The program, GIVE HIM, released earlier this month, can whip up images of all sorts of weird things that don’t exist, like avocado armchairs, robot giraffes, or radishes wearing tutus. OpenAI has generated several images, including the Spaghetti Knight, at the request of WIRED.
DALL-E is a version of GPT-3, an AI model trained on text retrieved from the web, capable of producing surprisingly consistent text. DALL-E has received accompanying pictures and descriptions; in response, it can generate a decent mashup image.
Pranksters were quick to see the funny side of DALL-E, noting for example that he could imagine new types of British cuisine. But DALL-E is based on an important advance in the field of AI computer vision, which could have serious and practical applications.
Called CLIP, it consists of a large neural network– an algorithm inspired by how the brain learns – has fed hundreds of millions of images and associated text captions from the web and trained to predict the right labels for an image.
OpenAI researchers discovered that CLIP could recognize objects as precisely as algorithms trained in the usual way – using organized data sets where the images fit the labels perfectly.
As a result, CLIP can recognize more things and understand what some things look like without needing many examples. CLIP helped DALL-E produce his illustrations, automatically selecting the best images from those he generated. OpenAI has published an article describing how CLIP works as well as a small version of the resulting program. He has yet to release any paper or code for DALL-E.

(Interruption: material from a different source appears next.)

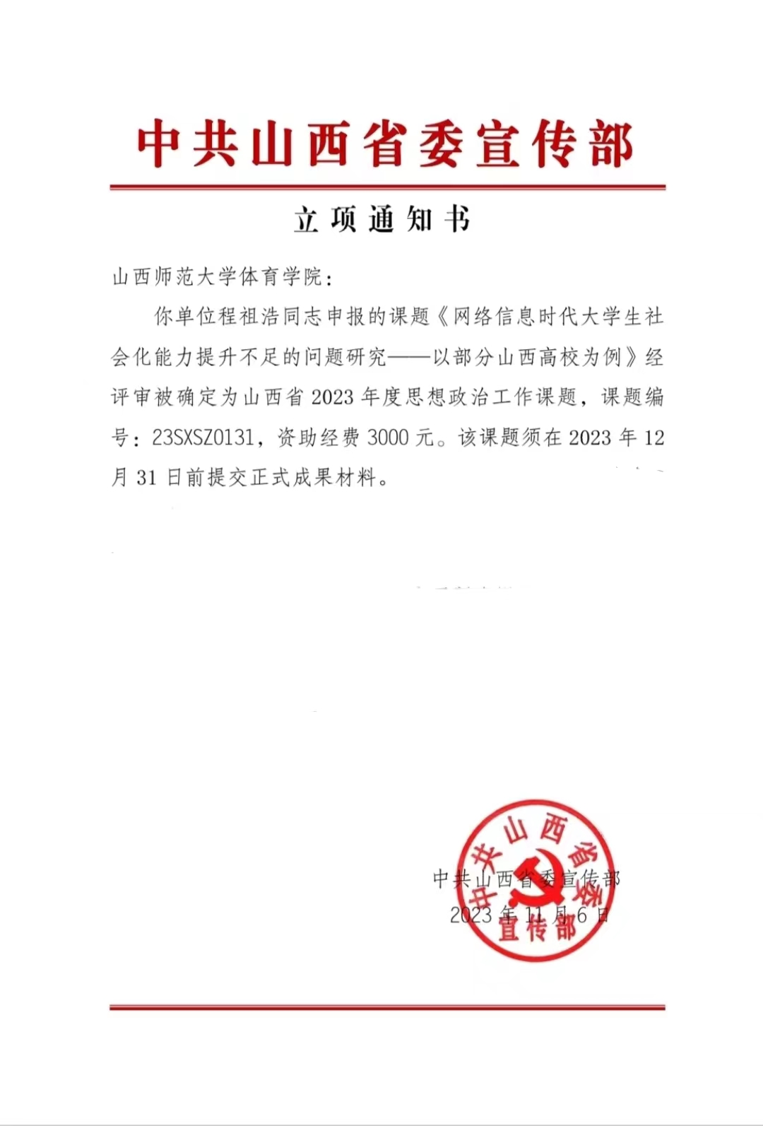 11月6日,山西省思想政治工作研究会2023年课题评审结果公布,由德赢团委书记程祖浩主持申报的《网络信息时代大学生社会化能力提升不足的问题研究——以部分山西高校为例》获得立项。学院高度重视大学生思想政治工作研究,积极组织德赢思政工作教师进行课题申报,通过科学研究进一步提升德赢思想政治工作科学化水平。(院办供稿)

DALL-E and CLIP are “super awesome,” says Karthik Narasimhan, assistant professor at Princeton specializing in computer vision. He says CLIP builds on previous work that sought to train large models of AI using images and text simultaneously, but is doing so on an unprecedented scale. “CLIP is a large-scale demonstration of the ability to use more natural forms of supervision – the way we talk about things,” he says.
He says that CLIP could be commercially useful in many ways, from improving image recognition used in web search and video analytics, to making robots or more intelligent autonomous vehicles. CLIP could be used as the starting point of an algorithm for robots to learn from images and texts, such as instruction manuals, he says. Or it might help a autonomous car recognize pedestrians or trees in unfamiliar surroundings.